As football legend Winston Chung Fah prepares for a great honour, many are looking back at his impact on Cayman’s national sport.
Among them is Academy Sports Club coach Virgil Seymour, who states Chung Fah’s work was an example for all.
“He is someone who shared with everyone as best as he could,” Seymour said. “It (this award) is beautiful, awesome. The legacy he leaves behind here is something that we should have built on years ago. It’s not for us to duplicate his steps, but follow them.
“He helped so many kids off to university and school. Now they can be able to give back to the community at different levels. He never asked them for a penny. That’s a tough thing but he always looked out for people and tried to pass on his football knowledge.”
Chung Fah, 72, is being honoured by the Fédération Internationale de Football Association with the FIFA Order of Merit. He will receive football’s highest global honour at the 62nd FIFA Congress 24-25 May in Budapest, Hungary.
In addition to coaching in the US, he would spend about 18 years in Cayman and serve as football’s technical director. Affectionately known as Coach Chungie, he started the Academy club over 12 years ago with cofounder Avolyn Tatum and pushed for youth football development, football scholarships and education programmes. His club has produced many notable football talents, the latest being Sebastian Martinez, 13, who plays for Swindon Town Football Club in England.

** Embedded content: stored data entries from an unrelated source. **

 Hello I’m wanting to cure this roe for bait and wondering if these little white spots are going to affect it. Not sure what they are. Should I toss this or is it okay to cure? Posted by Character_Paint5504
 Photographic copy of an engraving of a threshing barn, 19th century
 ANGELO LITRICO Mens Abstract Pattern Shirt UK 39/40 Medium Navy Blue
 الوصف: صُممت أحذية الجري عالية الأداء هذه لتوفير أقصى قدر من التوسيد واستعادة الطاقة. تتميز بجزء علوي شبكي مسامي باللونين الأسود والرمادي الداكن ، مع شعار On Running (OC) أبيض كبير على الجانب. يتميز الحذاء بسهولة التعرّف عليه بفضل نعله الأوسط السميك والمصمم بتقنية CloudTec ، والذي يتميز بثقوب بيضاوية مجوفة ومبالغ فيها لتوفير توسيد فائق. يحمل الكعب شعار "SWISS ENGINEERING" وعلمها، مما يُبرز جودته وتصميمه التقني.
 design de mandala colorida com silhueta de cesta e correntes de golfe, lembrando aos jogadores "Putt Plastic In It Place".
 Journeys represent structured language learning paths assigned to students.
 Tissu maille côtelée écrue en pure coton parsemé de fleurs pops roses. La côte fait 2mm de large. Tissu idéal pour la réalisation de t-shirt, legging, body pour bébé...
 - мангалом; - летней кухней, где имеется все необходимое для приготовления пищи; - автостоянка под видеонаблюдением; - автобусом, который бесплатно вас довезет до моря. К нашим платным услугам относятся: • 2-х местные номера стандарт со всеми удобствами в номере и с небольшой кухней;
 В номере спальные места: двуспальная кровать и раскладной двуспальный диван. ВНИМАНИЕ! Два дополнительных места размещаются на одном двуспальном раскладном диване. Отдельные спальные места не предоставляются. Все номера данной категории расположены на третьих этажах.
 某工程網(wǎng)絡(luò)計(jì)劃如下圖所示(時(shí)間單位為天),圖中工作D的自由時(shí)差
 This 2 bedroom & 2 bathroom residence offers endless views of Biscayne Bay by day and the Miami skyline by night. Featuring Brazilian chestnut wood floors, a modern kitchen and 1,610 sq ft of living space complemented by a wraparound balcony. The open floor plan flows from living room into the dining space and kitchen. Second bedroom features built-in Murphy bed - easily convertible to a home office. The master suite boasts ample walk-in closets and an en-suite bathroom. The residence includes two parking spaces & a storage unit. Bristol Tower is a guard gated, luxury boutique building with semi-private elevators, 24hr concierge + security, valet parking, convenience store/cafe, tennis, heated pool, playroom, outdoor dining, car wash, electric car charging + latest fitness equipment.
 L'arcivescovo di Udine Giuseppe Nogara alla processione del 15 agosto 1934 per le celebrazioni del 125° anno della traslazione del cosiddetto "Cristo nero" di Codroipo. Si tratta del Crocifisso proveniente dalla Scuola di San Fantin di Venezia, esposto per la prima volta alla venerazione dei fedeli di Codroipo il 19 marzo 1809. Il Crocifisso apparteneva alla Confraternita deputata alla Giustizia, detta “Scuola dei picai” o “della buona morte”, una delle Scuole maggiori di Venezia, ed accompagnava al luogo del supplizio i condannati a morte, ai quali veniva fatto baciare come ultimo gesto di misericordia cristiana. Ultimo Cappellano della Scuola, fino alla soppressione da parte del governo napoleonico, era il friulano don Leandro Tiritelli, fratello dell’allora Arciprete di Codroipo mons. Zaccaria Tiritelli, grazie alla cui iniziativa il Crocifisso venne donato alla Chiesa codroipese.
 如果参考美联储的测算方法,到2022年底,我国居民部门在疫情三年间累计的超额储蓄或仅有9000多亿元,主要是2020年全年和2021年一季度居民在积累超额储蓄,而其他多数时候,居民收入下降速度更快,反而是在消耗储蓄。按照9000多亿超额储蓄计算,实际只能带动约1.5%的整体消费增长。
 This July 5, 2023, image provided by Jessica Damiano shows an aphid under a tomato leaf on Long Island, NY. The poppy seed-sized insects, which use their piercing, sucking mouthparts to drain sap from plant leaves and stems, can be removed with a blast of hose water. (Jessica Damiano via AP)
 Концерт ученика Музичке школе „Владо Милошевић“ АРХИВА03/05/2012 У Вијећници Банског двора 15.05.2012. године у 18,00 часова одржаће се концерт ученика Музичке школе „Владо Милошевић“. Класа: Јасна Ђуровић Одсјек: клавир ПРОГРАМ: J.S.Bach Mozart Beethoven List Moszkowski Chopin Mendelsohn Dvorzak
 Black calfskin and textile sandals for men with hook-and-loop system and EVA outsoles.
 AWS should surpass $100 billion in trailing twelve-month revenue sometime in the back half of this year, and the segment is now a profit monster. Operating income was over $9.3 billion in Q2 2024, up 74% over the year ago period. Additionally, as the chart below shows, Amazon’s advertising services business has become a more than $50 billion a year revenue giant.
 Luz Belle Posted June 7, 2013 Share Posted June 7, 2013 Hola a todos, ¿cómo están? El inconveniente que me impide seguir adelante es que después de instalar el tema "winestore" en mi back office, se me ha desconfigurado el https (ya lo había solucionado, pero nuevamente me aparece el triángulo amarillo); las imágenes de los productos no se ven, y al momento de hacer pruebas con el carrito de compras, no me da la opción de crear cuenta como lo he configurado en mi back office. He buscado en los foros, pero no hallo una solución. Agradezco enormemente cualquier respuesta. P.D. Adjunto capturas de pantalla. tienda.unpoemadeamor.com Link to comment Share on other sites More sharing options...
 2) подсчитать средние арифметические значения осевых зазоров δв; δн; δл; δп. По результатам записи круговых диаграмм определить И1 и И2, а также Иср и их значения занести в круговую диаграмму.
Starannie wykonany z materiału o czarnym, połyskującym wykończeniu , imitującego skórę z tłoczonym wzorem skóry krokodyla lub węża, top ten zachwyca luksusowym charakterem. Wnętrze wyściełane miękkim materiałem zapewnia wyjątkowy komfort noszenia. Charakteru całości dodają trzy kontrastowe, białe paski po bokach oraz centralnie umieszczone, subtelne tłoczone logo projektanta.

The Jamaican, who is originally from Clarendon, states the honour is a surprise.
“I am surprised and overwhelmed by this great honour of recognition,” Chung Fah said. “My work has been extremely rewarding and I share the FIFA Order of Merit with all the young footballers that have worked so hard to improve their skills and continue their education. I hope this achievement is a beacon for them to aspire to their dreams.
“I would very much like to thank my wife Barbara and my children for being my inspiration and supporting my efforts over the years. As well, I would like to express my sincere gratitude to Cayman Islands Football Association President Jeffrey Webb for nominating me for this prestigious award.”
Chung Fah received notification of the award in a formal letter from FIFA president Joseph Blatter and FIFA secretary general Jerome Valcke. He is expected to attend the Hungary congress in spite of his ailing health. Chung Fah has been rapidly declining the last three years with hearing loss, gout, ulcers, arthritis, kidney infections, diabetes, heart and knee problems among his ailments.
Webb, the impending president of the Confederation of North, Central American and Caribbean Association Football, submitted Chung Fah’s name to FIFA for consideration and states he is an inspiration to the region.
“Winston Chung Fah’s commitment and dedication to the development and education of young football players reaches far beyond the Caribbean.” Webb said. “He has inspired young footballers to reach higher and supported them to go farther than any other individual I have known, on or off the field.”
Chung Fah made his initial impact on football in Jamaica, coaching at the grassroots and national levels with a stint as technical director of the Jamaica Football Federation.
For football officials, like Cayman football association development officer Marcos Tinoco, his achievements in Jamaica are an important part of his legacy.
“Coach Winston is one of the most prominent Caribbean coaches and he coached many national teams in Jamaica,” Tinoco said. “FIFA recognized him as one of the most important coaches in the Caribbean and CONCACAF.”
News of the honour comes as Cayman football winds down its season. Only two games remain in the Premier League with Gabriel Godet and Elite Sports Club primed to repeat while the FA Cup is at its semi-final stage.
For Seymour, Chung Fah’s award has added personal meaning.
“It’s a great honour to be affiliated with him period. He opened so many doors for me, he would always be there to help me. He would share his knowledge of the game and give an honest opinion of everything. Many people didn’t know all of his qualifications but he kind of liked it that way as he preferred to be low-key.”